Ethiopia is Somalia’s historic rival and has shown recently that it will not
hesitate to invade its neighbor when Somalia is overrun by Islamist forces.
Indeed, when the predecessor to al Shabaab, the Supreme Islamic Courts
Council (SICC), took control of Mogadishu in 2006, it was a matter of months
before Addis Ababa deployed its military to overthrow the SICC and occupy
the country. The Ethiopians withdrew just over two years later, recognizing
the limits of their unilateral intervention and choosing to leave the task
of combating al Shabaab to AMISOM and the TFG, but Ethiopia likely would
redeploy forces to Somalia if AMISOM and the TFG collapsed, especially if
that collapse permitted the jihadist group to take complete control of the
country. Ethiopia has a large irredentist ethnic Somali population in the
Ogaden Desert, located in southeastern Ethiopia. These Ogadeni rebels have
common ground with al Shabaab, which creates an additional national security
concern for Addis Ababa.
Kenya, like Ethiopia, has a large ethnic Somali population, particularly in
the northeastern region abutting al Shabaab’s main area of control in
southern Somalia. Nairobi has a considerable security presence stationed
along the border in northeastern Kenya. The forces stationed there regularly
engage in skirmishes with al Shabaab fighters. Kenya, however, has long
preferred to avoid sending its troops into Somalia because of the fear that
doing so would unleash retaliatory attacks by al Shabaab in its own capital
city, especially via supporters in the suburb of Eastleigh. Nairobi wants
there to be a foreign presence in Somalia keeping al Shabaab at bay but
would rather someone else handle it. This could change in the near future,
however, as it becomes increasingly clear that Western powers are not
prepared to become directly involved in Somalia, either.
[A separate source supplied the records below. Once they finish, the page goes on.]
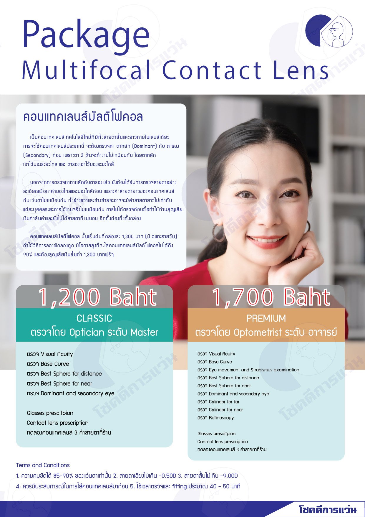 สำหรับคนสายตายาวบอกลาแว่นอ่านหนังสือได้เลยครับ เพราะด้วยคอนแทคเลนส์มัลติโฟคอล นวัตกรรมใหม่ล่าสุด ที่จะทำให้ทุกท่านที่มีปัญหาสายตายาว สามารถกลับมาอ่านหนังสือ และใช้ชีวิตประจำวันได้อย่างวัยหนุ่มสาวอีกครั้ง โดยไม่จำเป็นต้องใส่แว่นอ่านหนังสืออีกต่อไป (มองได้ทั้งระยะไกลและระยะใกล้)
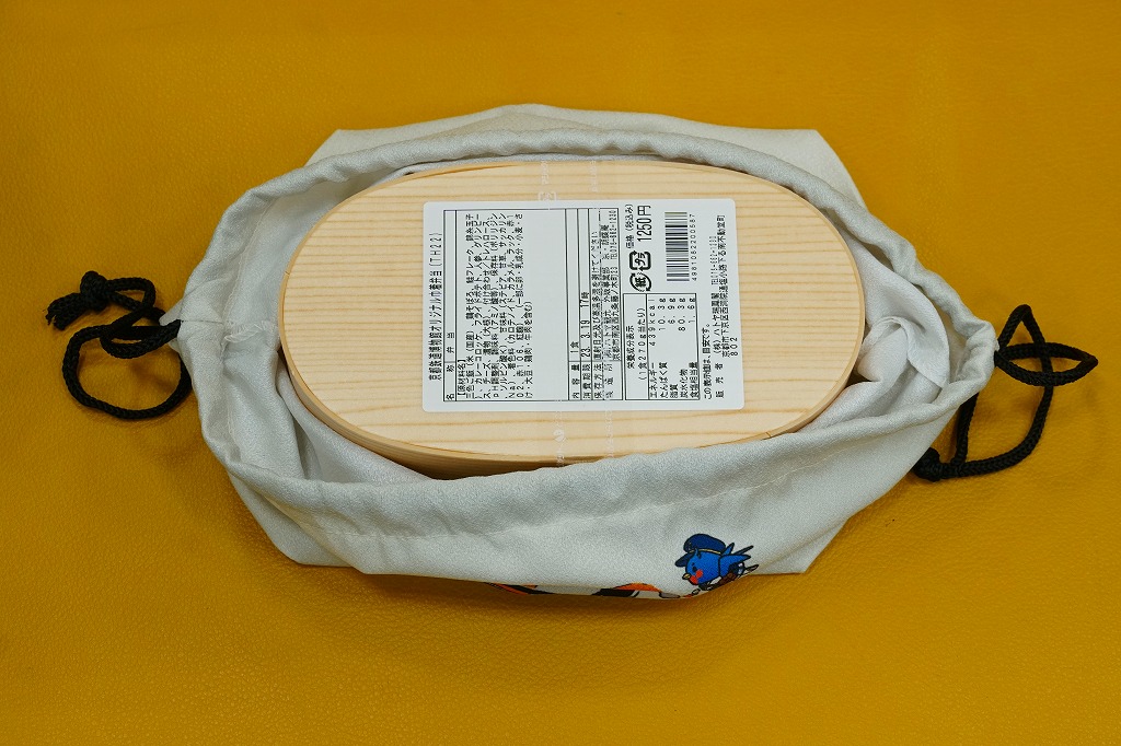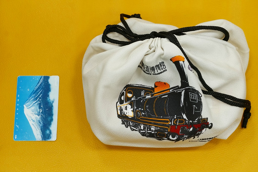 2021(令和3)年までに京都鉄道博物館で発売か。食品表示ラベルや売店掲示での商品名は「京都鉄博オリジナル巾着弁当」。その名のとおり、楕円形の小さな容器を、京都鉄道博物館の名とキャラクター「ウメテツ」と収蔵の233号機関車のイラストを載せたきんちゃく袋に詰める。
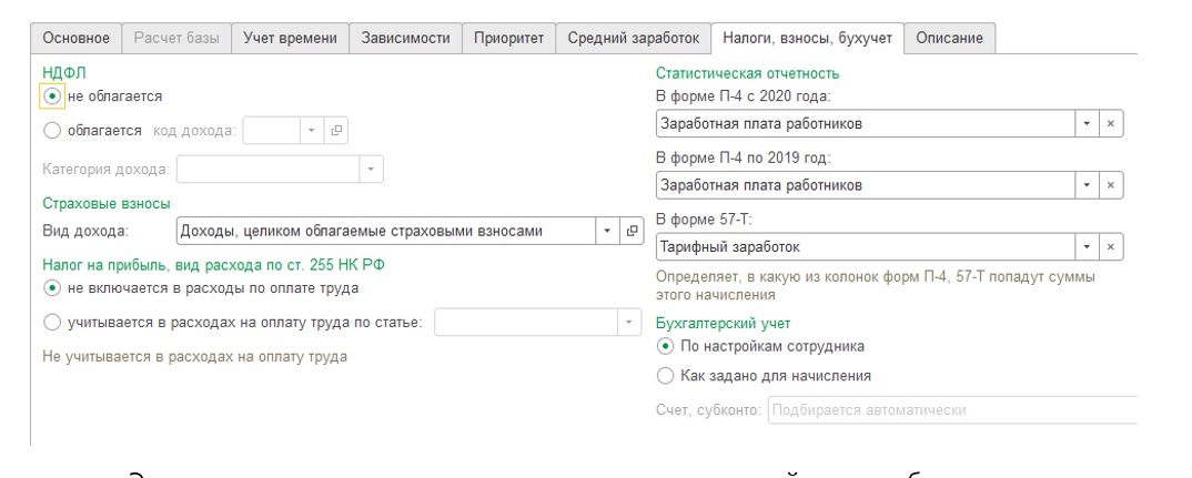 Для корректного учета доходов физических лиц для целей исчисления страховых взносов и для дальнейшего заполнения показателей расчета базы для начисления страховых взносов в РСВ следует уточнить настройки начислений (раздел «Настройка» – «Начисления»). На вкладке «Налоги, взносы, бухучет» по строке «Страховые взносы» проверяем и при необходимости уточняем вид дохода для исчисления страховых взносов.

Lately, East African countries that support AMISOM have clamored for the
peacekeeping force, which has an AU mandate, to become an official member of
the family of U.N. peacekeeping missions. This request is likely motivated
by a desire to force someone else to incur the financial costs of ensuring
Somalia’s stability, and there are no signs that the request will be
granted. AMISOM’s two main problems — that it does not have enough soldiers
(those it does have come from only two countries, Uganda and Burundi), and
that its mandate prevents it from acting as an offensive force — will
continue in the short term. Ugandan President Yoweri Museveni has been very
vocal since the Kampala attacks in his intention to address both of these
issues at the summit. Museveni said he would like to see an ultimate force
level of 20,000 troops, and that he wants the rules of engagement altered in
order to change AMISOM from a defensive force that exists only to protect
TFG installations to one that can actually attack al Shabaab.
While the summit itself may not produce a solution to either of these
problems, it will serve as the starting point for the East Africans to
coordinate plans to address regional security issues on their own.